Three years ago her T-cells were below one-hundred. The lower T-cell count, the greater an opportunity there is for an infection. With her new medications, the count has moved up to five-hundred. A normal T-cell count is between six-hundred and sixteeen-hundred. Her cancer has now stabilized and her immune system is slowly regenerating.

These days, the littlest things matter: the thrill of hunting for a good deal with her best friend, visiting with her nephews, watching old films, walking her dogs, getting hugs and kisses from her customers, and eating peanut-butter chocolate ice cream.

The day she was leaving for San Francisco, Rocky, her nine-year-old, Chihuahua/corgi canine companion, sneaked into her green Mazda, hid in the backseat, and wedged himself between suitcases. He’s been her faithful little baby for eight years. She added a new addition to her family six months ago, another mixed breed dog, named Charlie. They’ve brought joy and healing to her existence.

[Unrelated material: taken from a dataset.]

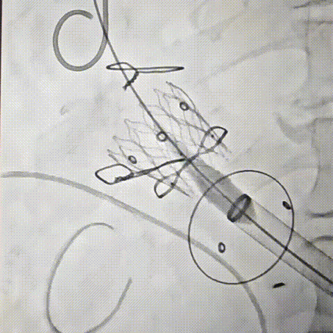 该病例同时合并腹主动脉夹层,团队同期成功实施“腹主动脉夹层腔内隔绝术”,通过微创方式置入覆膜支架,有效隔绝夹层破口、重建主动脉真腔,避免了传统开放手术的巨大创伤。对于此类主动脉瓣与二尖瓣双瓣衰败合并主动脉夹层的高危患者,二次开胸手术风险极高,而徐平、林明山教授团队凭借ScienCrown瓣膜系统的全可回收与短瓣架特性,结合经心尖途径,实现了心内双瓣膜置换与主动脉疾病介入治疗的一站式整合。为复杂心血管疾病患者提供了更具安全性、有效性和微创性的治疗新策略。

“HIV has become so prevalent in my life that it’s changed who I am, but maybe for the better,” says Kissell. “I’ve never felt like giving up. I’m not sure how confident I am, but I know HIV is not gonna kill me. It’s not in my heart to be negative anymore.”

In her living room, she sits on a floral sheet-covered couch adorned with ten pillows. Her two dogs snuggle up to her, licking her lips, whimpering. Her laughter brightens the room once again. She’s still alive.